The portable device 10 includes the lock switch 11, the unlock switch 12, the portable device ECU 13, and a transmission device 14 for transmitting a collation signal Sv (wireless signal). Based on the operation of the lock switch 11 or the unlock switch 12, the portable device ECU 13 comprehensively controls the generation of the collation signal Sv and the transmission of the collation signal Sv through the transmission device 14.

On the other hand, the vehicle 20 is provided with a receiving device 22 for receiving the collation signal Sv transmitted from the portable device 10, a vehicle ECU 23, and the door lock mechanism 21 which is driven and controlled by the vehicle ECU 23. The collation signal Sv received through the receiving device 22 is input to the vehicle ECU 23. Then, the vehicle ECU 23 locks or unlocks the door through the door lock mechanism 21 based on the input verification signal Sv.

Next, the collation signal Sv generated and transmitted by the portable device ECU 13 based on the operation of the lock switch 11 or the unlock switch 12 will be described.
In the present embodiment, the collation signal Sv generated by the portable device ECU 13 includes four data (ID code Cid, switch code SW, portable device side operation count value Nm, and rolling code RC).

The ID code Cid is a code for individual identification of the portable device 10. The ID code Cid is stored in advance in the memory 15 of the portable device ECU 13.
The switch code SW is a code corresponding to each of the switches 11 and 12, and is a code that changes depending on whether the lock switch 11 is operated or the unlock switch 12 is operated.

The operation count value Nm on the portable device side is the number of operations of the lock switch 11 and the unlock switch 12 (the total number of operations of the switches 11 and 12 or the number of operations of each of the switches 11 and 12). In the present embodiment, the portable device ECU 13 counts the total number of operations of the lock switch 11 and the unlock switch 12, and the count value (portable device side operation count value Nm) is stored in the memory 15.

The rolling code RC is a code generated by encrypting the above-mentioned switch code SW and the operation count value Nm on the portable device side with an encryption key stored in the memory 15. That is, when the lock switch 11 or the unlock switch 12 is operated, the portable device ECU 13 operates the switch code SW and the portable device side according to the switch operation (whether the lock switch 11 is operated or the unlock switch 12 is operated).
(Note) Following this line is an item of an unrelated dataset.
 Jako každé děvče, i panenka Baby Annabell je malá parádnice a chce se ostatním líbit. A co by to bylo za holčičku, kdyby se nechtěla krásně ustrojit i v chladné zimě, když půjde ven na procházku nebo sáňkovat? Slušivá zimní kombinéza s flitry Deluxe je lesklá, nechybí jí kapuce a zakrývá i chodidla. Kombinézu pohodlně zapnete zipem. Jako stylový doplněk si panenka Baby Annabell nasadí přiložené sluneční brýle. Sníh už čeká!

A rolling code RC is obtained by encrypting the count value Nm and extracting data having a predetermined number of bits from the encrypted data based on a predetermined rule. In this way, since the data on which the rolling code RC is based includes the portable device side operation count value Nm indicating the number of operations of the switches 11 and 12, the rolling code RC changes every time the switch is operated. It has become. The larger the number of bits of the rolling code RC, the higher the security, but on the other hand, it causes memory pressure and an increase in communication time. Therefore, it is desirable to set the number of bits as small as possible within the range where security can be ensured. ..

As described above, among the data included in the collation signal Sv, the ID code Cid, the switch code SW, and the operation count value Nm on the portable device side are unencrypted raw data, and the rolling code RC is encrypted data. ing.
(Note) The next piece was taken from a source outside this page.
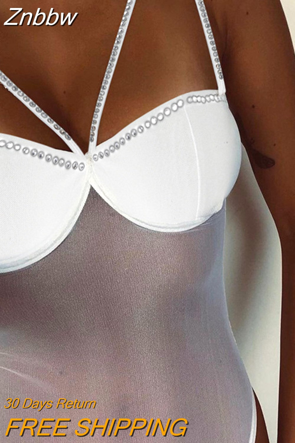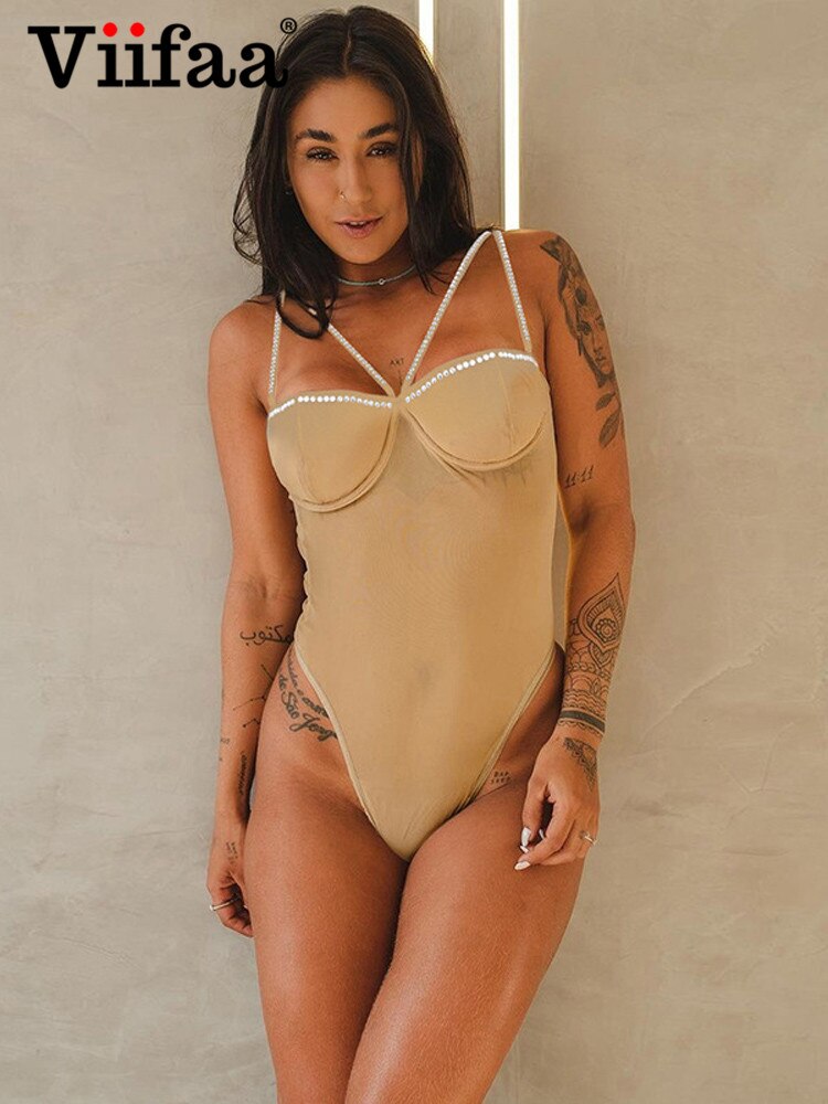 Znbbw Rhinestone Detail Sexy Top See Through Mesh Bodysuit Women Rave Festival Clothing One-Pieces Clubwear Outfit

Next, the authentication process (operation execution process of the door lock mechanism 21) by the vehicle ECU 23 will be described with reference to FIGS. 2 and 3. This process is repeatedly executed at a predetermined cycle.
As shown in FIG. 2, in step S1, it is monitored whether or not the radio signal is received via the receiving device 22. Here, when it is determined that the wireless signal has been received (step S1: YES), it is determined whether or not the received wireless signal includes the ID code Cid (step S2). The ID code Cid is stored in the memory 24 of the vehicle ECU 23.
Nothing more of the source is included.